> _Required work_
Transcribe all the entries that follow, leaving nothing out.
Input records START
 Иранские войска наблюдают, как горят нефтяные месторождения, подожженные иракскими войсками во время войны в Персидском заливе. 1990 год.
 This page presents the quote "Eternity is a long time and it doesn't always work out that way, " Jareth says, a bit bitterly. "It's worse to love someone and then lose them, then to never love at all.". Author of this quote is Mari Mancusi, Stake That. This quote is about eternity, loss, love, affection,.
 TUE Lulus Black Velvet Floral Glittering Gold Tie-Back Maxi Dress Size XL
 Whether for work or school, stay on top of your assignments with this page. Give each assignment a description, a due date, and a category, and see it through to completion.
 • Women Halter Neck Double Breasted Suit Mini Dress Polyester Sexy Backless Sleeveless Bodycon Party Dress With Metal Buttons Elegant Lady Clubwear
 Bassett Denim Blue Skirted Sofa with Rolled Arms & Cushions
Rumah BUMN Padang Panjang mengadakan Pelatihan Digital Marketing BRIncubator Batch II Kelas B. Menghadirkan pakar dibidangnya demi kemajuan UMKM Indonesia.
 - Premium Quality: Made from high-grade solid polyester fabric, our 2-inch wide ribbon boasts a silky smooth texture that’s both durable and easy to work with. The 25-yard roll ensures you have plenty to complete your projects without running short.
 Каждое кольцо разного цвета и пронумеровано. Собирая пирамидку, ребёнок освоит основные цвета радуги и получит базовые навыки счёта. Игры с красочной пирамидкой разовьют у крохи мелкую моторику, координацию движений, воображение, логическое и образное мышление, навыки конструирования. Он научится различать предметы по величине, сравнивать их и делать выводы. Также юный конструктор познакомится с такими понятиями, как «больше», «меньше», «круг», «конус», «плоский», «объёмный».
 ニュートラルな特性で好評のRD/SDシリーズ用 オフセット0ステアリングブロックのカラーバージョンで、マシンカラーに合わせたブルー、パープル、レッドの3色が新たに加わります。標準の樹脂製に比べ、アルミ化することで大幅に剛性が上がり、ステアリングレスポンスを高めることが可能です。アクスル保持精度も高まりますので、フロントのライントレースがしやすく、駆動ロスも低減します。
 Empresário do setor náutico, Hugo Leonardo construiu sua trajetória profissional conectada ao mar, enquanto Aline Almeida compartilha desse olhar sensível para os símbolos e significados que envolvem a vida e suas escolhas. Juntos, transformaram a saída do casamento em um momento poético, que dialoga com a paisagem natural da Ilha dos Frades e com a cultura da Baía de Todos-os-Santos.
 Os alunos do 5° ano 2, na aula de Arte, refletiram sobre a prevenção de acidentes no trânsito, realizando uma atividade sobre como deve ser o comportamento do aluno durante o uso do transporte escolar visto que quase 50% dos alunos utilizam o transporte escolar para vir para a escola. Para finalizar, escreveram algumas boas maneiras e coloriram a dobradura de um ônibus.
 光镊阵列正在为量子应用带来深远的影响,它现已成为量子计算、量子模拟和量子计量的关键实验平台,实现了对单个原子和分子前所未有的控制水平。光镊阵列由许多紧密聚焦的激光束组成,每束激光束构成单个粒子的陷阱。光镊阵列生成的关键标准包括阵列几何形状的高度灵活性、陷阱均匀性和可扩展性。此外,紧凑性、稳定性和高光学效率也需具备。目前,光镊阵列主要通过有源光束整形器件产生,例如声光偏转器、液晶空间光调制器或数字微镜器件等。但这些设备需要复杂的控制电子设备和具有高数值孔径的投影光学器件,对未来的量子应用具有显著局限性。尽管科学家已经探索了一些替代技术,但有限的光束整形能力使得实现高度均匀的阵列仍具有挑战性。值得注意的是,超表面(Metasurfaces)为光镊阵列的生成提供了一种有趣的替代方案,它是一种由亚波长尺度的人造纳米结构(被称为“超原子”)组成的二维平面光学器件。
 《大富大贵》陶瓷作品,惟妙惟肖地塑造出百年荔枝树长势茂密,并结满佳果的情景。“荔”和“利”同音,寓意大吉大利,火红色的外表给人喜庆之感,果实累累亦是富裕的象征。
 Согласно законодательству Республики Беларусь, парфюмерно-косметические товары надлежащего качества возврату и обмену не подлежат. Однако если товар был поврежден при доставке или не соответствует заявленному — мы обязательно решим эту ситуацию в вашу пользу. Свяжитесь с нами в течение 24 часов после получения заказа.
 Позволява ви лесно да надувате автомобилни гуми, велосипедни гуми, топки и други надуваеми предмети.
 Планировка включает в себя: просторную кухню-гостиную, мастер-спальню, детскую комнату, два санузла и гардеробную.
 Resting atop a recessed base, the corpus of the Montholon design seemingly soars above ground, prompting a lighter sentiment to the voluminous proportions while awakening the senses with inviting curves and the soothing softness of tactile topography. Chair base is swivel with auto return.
Input records END
> _Response_
 Иранские войска наблюдают, как горят нефтяные месторождения, подожженные иракскими войсками во время войны в Персидском заливе. 1990 год.
 This page presents the quote "Eternity is a long time and it doesn't always work out that way, " Jareth says, a bit bitterly. "It's worse to love someone and then lose them, then to never love at all.". Author of this quote is Mari Mancusi, Stake That. This quote is about eternity, loss, love, affection,.
 TUE Lulus Black Velvet Floral Glittering Gold Tie-Back Maxi Dress Size XL
 Whether for work or school, stay on top of your assignments with this page. Give each assignment a description, a due date, and a category, and see it through to completion.
 • Women Halter Neck Double Breasted Suit Mini Dress Polyester Sexy Backless Sleeveless Bodycon Party Dress With Metal Buttons Elegant Lady Clubwear
 Bassett Denim Blue Skirted Sofa with Rolled Arms & Cushions
Rumah BUMN Padang Panjang mengadakan Pelatihan Digital Marketing BRIncubator Batch II Kelas B. Menghadirkan pakar dibidangnya demi kemajuan UMKM Indonesia.
 - Premium Quality: Made from high-grade solid polyester fabric, our 2-inch wide ribbon boasts a silky smooth texture that’s both durable and easy to work with. The 25-yard roll ensures you have plenty to complete your projects without running short.
 Каждое кольцо разного цвета и пронумеровано. Собирая пирамидку, ребёнок освоит основные цвета радуги и получит базовые навыки счёта. Игры с красочной пирамидкой разовьют у крохи мелкую моторику, координацию движений, воображение, логическое и образное мышление, навыки конструирования. Он научится различать предметы по величине, сравнивать их и делать выводы. Также юный конструктор познакомится с такими понятиями, как «больше», «меньше», «круг», «конус», «плоский», «объёмный».
 ニュートラルな特性で好評のRD/SDシリーズ用 オフセット0ステアリングブロックのカラーバージョンで、マシンカラーに合わせたブルー、パープル、レッドの3色が新たに加わります。標準の樹脂製に比べ、アルミ化することで大幅に剛性が上がり、ステアリングレスポンスを高めることが可能です。アクスル保持精度も高まりますので、フロントのライントレースがしやすく、駆動ロスも低減します。
 Empresário do setor náutico, Hugo Leonardo construiu sua trajetória profissional conectada ao mar, enquanto Aline Almeida compartilha desse olhar sensível para os símbolos e significados que envolvem a vida e suas escolhas. Juntos, transformaram a saída do casamento em um momento poético, que dialoga com a paisagem natural da Ilha dos Frades e com a cultura da Baía de Todos-os-Santos.
 Os alunos do 5° ano 2, na aula de Arte, refletiram sobre a prevenção de acidentes no trânsito, realizando uma atividade sobre como deve ser o comportamento do aluno durante o uso do transporte escolar visto que quase 50% dos alunos utilizam o transporte escolar para vir para a escola. Para finalizar, escreveram algumas boas maneiras e coloriram a dobradura de um ônibus.
 光镊阵列正在为量子应用带来深远的影响,它现已成为量子计算、量子模拟和量子计量的关键实验平台,实现了对单个原子和分子前所未有的控制水平。光镊阵列由许多紧密聚焦的激光束组成,每束激光束构成单个粒子的陷阱。光镊阵列生成的关键标准包括阵列几何形状的高度灵活性、陷阱均匀性和可扩展性。此外,紧凑性、稳定性和高光学效率也需具备。目前,光镊阵列主要通过有源光束整形器件产生,例如声光偏转器、液晶空间光调制器或数字微镜器件等。但这些设备需要复杂的控制电子设备和具有高数值孔径的投影光学器件,对未来的量子应用具有显著局限性。尽管科学家已经探索了一些替代技术,但有限的光束整形能力使得实现高度均匀的阵列仍具有挑战性。值得注意的是,超表面(Metasurfaces)为光镊阵列的生成提供了一种有趣的替代方案,它是一种由亚波长尺度的人造纳米结构(被称为“超原子”)组成的二维平面光学器件。
 《大富大贵》陶瓷作品,惟妙惟肖地塑造出百年荔枝树长势茂密,并结满佳果的情景。“荔”和“利”同音,寓意大吉大利,火红色的外表给人喜庆之感,果实累累亦是富裕的象征。
 Согласно законодательству Республики Беларусь, парфюмерно-косметические товары надлежащего качества возврату и обмену не подлежат. Однако если товар был поврежден при доставке или не соответствует заявленному — мы обязательно решим эту ситуацию в вашу пользу. Свяжитесь с нами в течение 24 часов после получения заказа.
 Позволява ви лесно да надувате автомобилни гуми, велосипедни гуми, топки и други надуваеми предмети.
 Планировка включает в себя: просторную кухню-гостиную, мастер-спальню, детскую комнату, два санузла и гардеробную.
 Resting atop a recessed base, the corpus of the Montholon design seemingly soars above ground, prompting a lighter sentiment to the voluminous proportions while awakening the senses with inviting curves and the soothing softness of tactile topography. Chair base is swivel with auto return.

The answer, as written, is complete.